Dallas County Criminal Court Judge Audrey Moorehead announced the decision in a Wednesday morning hearing, siding with prosecutors who argued there was not sufficient probable cause to bring a case against Bryan Riser, according to The Associated Press.
Riser, a 13-year veteran of the Dallas Police Department, was fired and charged by his colleagues last month over two murder-for-hire killings that police said were unrelated to his work.
Dallas Police Chief Eric Garcia said at the time that information received from a witness implicated Riser in the 2017 killings of a woman named Lisa Saenz, who was found with multiple gunshot wounds, and a man named Albert Douglas, who was reported missing in February 2017 and was never found.
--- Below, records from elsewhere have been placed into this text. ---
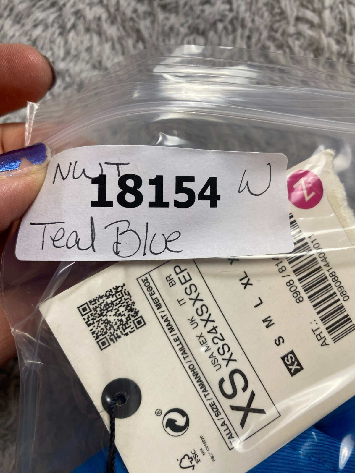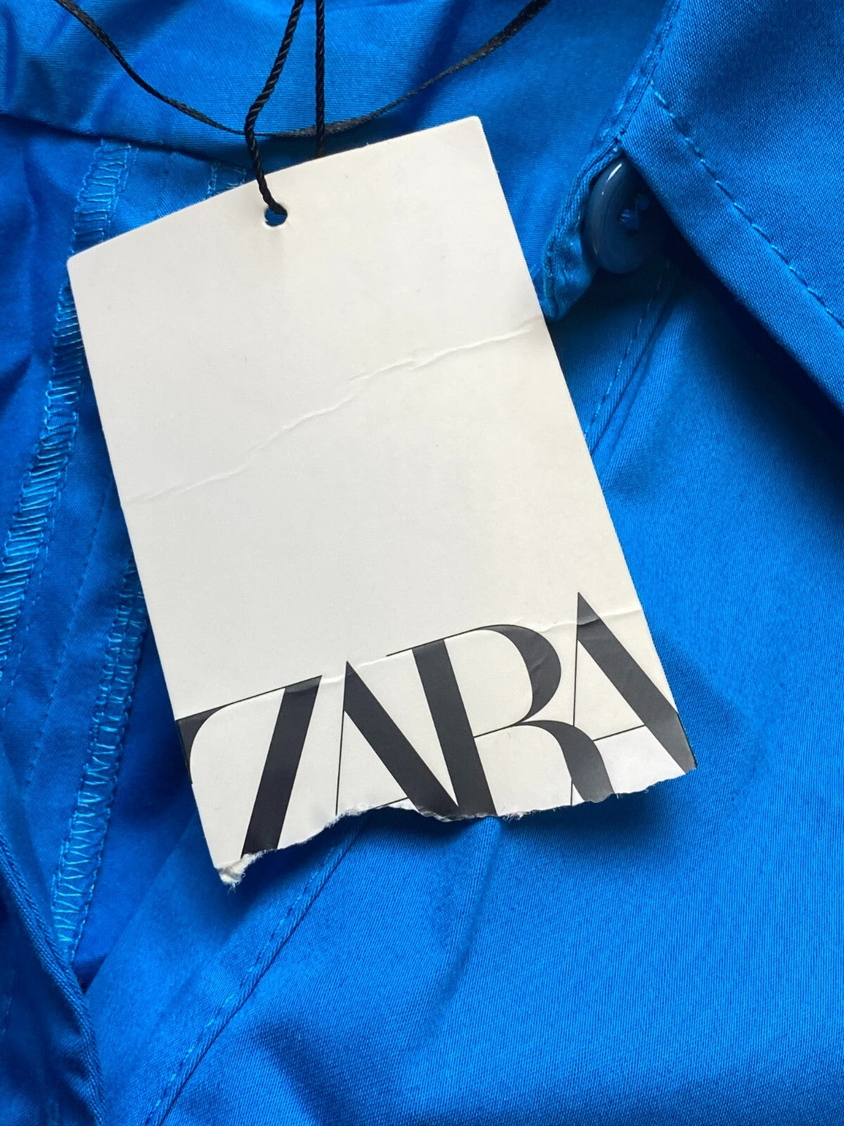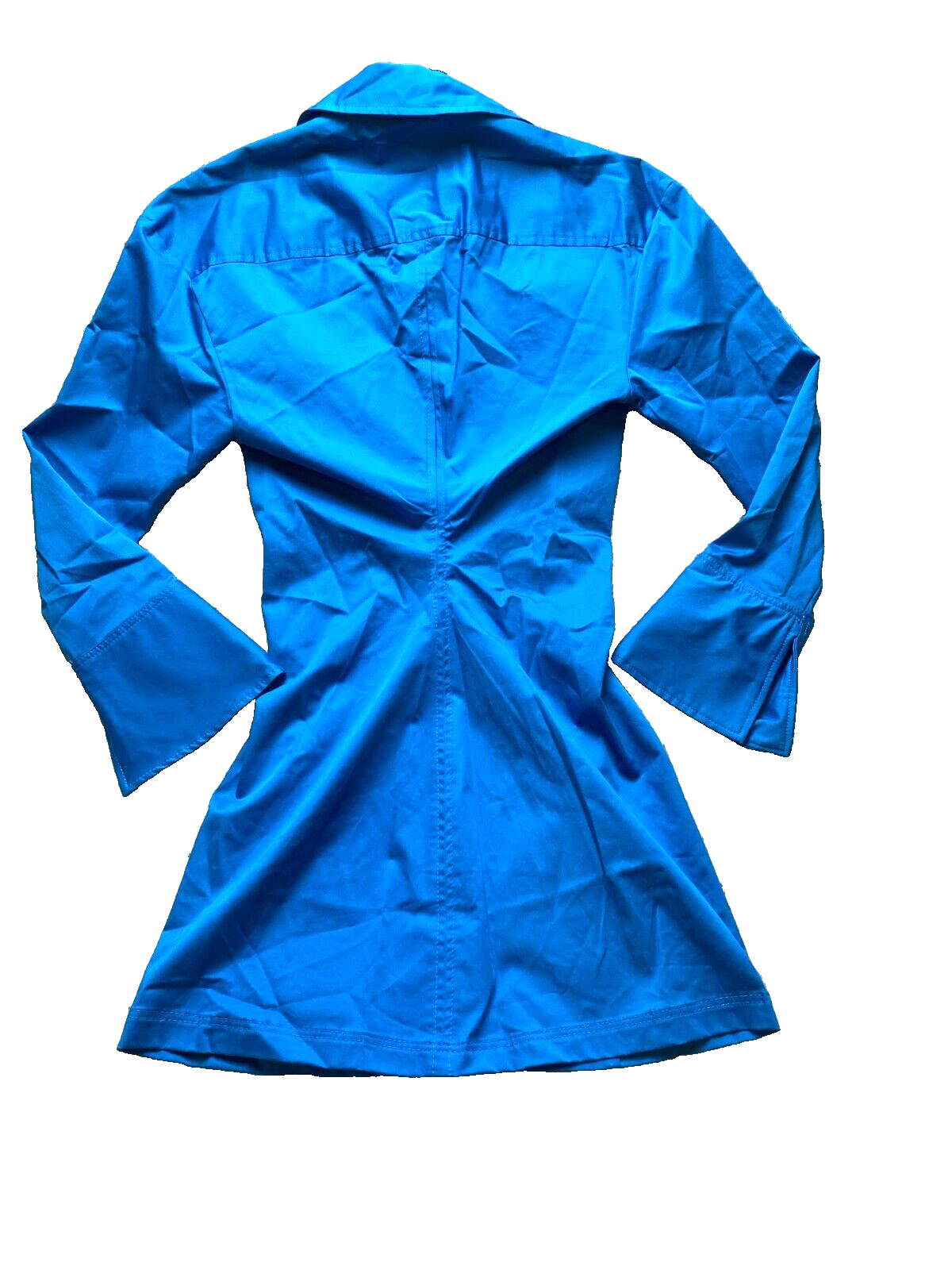 ZARA Dress Womens Extra Small Teal Blue Button Down Collared Shirt Stretch NWT
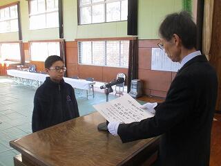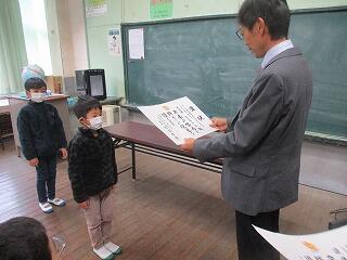 始業式終了後、各先生方から諸連絡があり、児童の表彰が行われました。
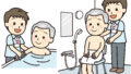 ③ 介助を受けながら入浴する人
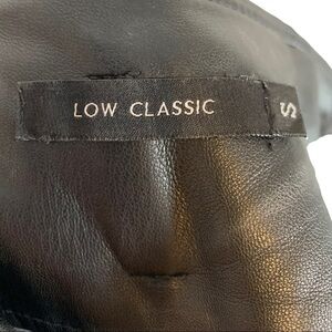 Gently pre-owned Low Classic Black Down Pocket Faux Leather Pants Size Small. Relaxed-fit paneled grained faux-leather trousers in black. High-rise. Three-pocket styling. Belt loops and detachable and adjustable pin-buckle belt at waistband. Flap pockets at knees. Press-stud vents at inseam. Darts at back.
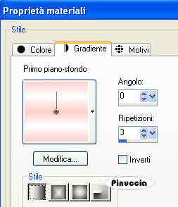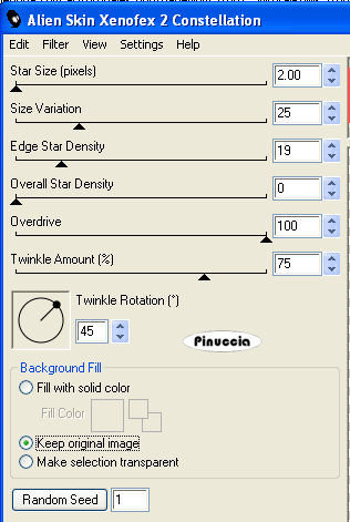 qui puoi trovare qualche risposta ai tuoi dubbi. Se l'argomento che ti interessa non è presente, ti prego di segnalarmelo. Occorrente: Materiale qui I tubes sono di Alejandra Rosales. Importa il pennello in PSP. Come fare vedi qui Filtri: Flaming Pear - Transline qui AAA-Good vibrations qui Xenofex Constellation qui 1. Apri una nuova immagine trasparente 550 x 400 pixels. Imposta il colore di primo piano con #fdd0cb, e riempi l'immagine con questo colore.Effetti>Plugins>Flaming Pear - Transline. Apri il tube Karolina Kurkova 9896, e vai a Modifica>Copia. non chiuderlo perchè ti servirà ancora. Torna al tuo lavoro e vai a Modifica>Incolla come nuovo livello. Sposta il tube a destra.Ripeti l'Effetto Transline. ![]() 2. Apri il tube Karolina Kurkova 9889, e vai a Modifica>Copia. Torna al tuo lavoro e vai a Modifica>Incolla come nuovo livello. Immagine>Ridimensiona, all'85%, tutti i livelli non selezionato. Sposta il tube a sinistra.Effetti>Effetti 3D>Sfalsa ombra, con i seguenti settaggi. ![]() 3. Livelli>Nuovo livello raster. Imposta il colore di primo piano con #c8a4a4. Attiva lo strumento Pennello ![]() cerca e seleziona il pennello DD-Heartsong e applicalo in alto a sinistra, vedi il mio esempio. nel mio esempio ho cambiato la dimensione a 300 pixels. Livelli>Disponi>Sposta giù. Attiva nuovamente il tube Karolina Kurkova 9886, e vai a Modifica>copia. Torna al tuo lavoro e vai a Modifica>Incolla come nuovo livello. Abbassa l'opacità di questo livello al 40%. Posizionalo esattamente sopra l'altro tube.Livelli>Unisci>Unisci tutto. 4. Immagine>Aggiungi bordatura, 2 pixels, simmetriche, con il colore #c8a4a4. Immagine>Aggiungi bordatura, 25 pixels, simmetriche, con il colore bianco. Seleziona questo bordo con la bacchetta magica ![]() ![]() Livelli>Nuovo livello raster. Imposta il colore di primo piano con #fdd0cb, e il colore di sfondo con il bianco (#ffffff). Passa il colore di primo piano a Gradiente di primo piano/sfondo, stile lineare, con i seguenti settaggi. ![]() Riempi la selezione con il gradiente.5. Effetti>Plugins>AAA Filter - Good vibration, con i seguenti settaggi, 2 volte. ![]() 6. Immagine>Aggiungi bordatura, 2 pixels, simmetriche, con il colore #c8a4a4. Apri il tube "am-corner31" e vai a Modifica>copia. Torna al tuo lavoro e vai a Modifica>Incolla come nuovo livello. Immagine>Ridimensiona, al 70%, tutti i livelli non selezionato. Immagine>Rifletti. Posiziona il tube in alto a destra.Livelli>Duplica. Immagine>Capovolgi. Immagine>Rifletti. Aggiungi il tuo nome e/o il tuo watermark su un nuovo livello. nel mio esempio ho usato il font fornito con il tutorial, e ho applicato l'Effetto Sfalsa ombra predefinito: ![]() ![]() 7. Chiudi tutti i livelli tranne i due livelli degli angoli. Livelli>Unisci>Unisci visibile. Rimani posizionato sul livello Uniti. Attiva lo strumento Selezione a mano libera e seleziona i quadretti degli angoli.Effetti>Plugins>Xenofex 2 - Constellation, con i seguenti settaggi. ![]() Selezione>Deseleziona. Modifica>Copia Unione. Apri Animation Shop e vai a Modifica>Incolla>Incolla come nuova animazione. Torna in PSP. Modifica>Annulla azione Deseleziona. Modifica>Annulla azione Constellation. Ripeti l'Effetto Constellation con gli stessi settaggi, ma cliccando una volta su Random Seed. Selezione>Deseleziona. Modifica>Copia Unione. Torna in Animation Shop e vai a Modifica>Incolla>Incolla dopo il fotogramma selezionato. Di nuovo in PSP. Modifica>Annulla azione Deseleziona. Modifica>Annulla azione Constellation. Ripeti l'Effetto Constellation, cliccando su Random Seed. Modifica>Copia Unione. Per finire, in Animation Shop: Modifica>Incolla>Incolla dopo il fotogramma selezionato. Controlla il risultato cliccando su Visualizza e salva in formato gif.![]() Se hai problemi o dubbi, o trovi un link non funzionante, o anche soltanto per un saluto, scrivimi. 15 Aprile 2008 |
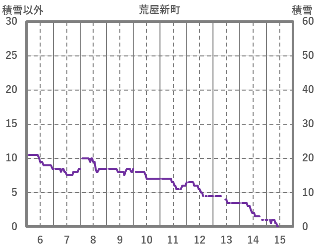 | 日 | 時 | 気温 | 降水 | 風向/風速 | 日照 | 積雪 | 降雪 |
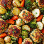 Parmesan Crusted Chicken Sheet Pan Dinner is a weeknight favorite that brings together crispy golden chicken, tender vegetables, and bold Italian flavor — all roasted together in a single pan.

Authorities accused Riser, 37, of hiring three men — Kevin Kidd, Emmanuel Kilpatrick and Jermon Simmons — to kill the two people.
Kilpatrick is currently serving a life sentence for the killings of a father and son, according to the AP.
However, Dallas County prosecutor Jason Fine told the judge during Wednesday’s hearing, “Where we stand as a district attorney’s office right now today, we do not feel there’s sufficient probable cause” for the case against Riser.
“We have an obligation — under the U.S. Constitution, under the Texas Constitution, under the Code of Criminal Procedure, under our duty as prosecutors — to see that justice is done,” Fine added Wednesday, according to local NBC affiliate KXAS-TV.
“If we get to a point in any case — no matter who the defendant is, no matter who the witnesses are — that we feel there is insufficient probable cause, we have to alert the defense and alert the court,” the prosecutor added. “We have to do something. We can’t just sit by.”
Riser’s defense attorney, Toby Shook, had argued that Kilpatrick, who previously knew Riser from high school, had “all the reason in the world to lie and try to gain an advantage by trying to implicate a police officer.”
The Dallas Morning News reported that Riser let out an audible sigh of relief Wednesday when Moorehead announced that the charges would be dropped.
The AP reported that the Dallas County sheriff’s office would release Riser upon receiving paperwork from the court.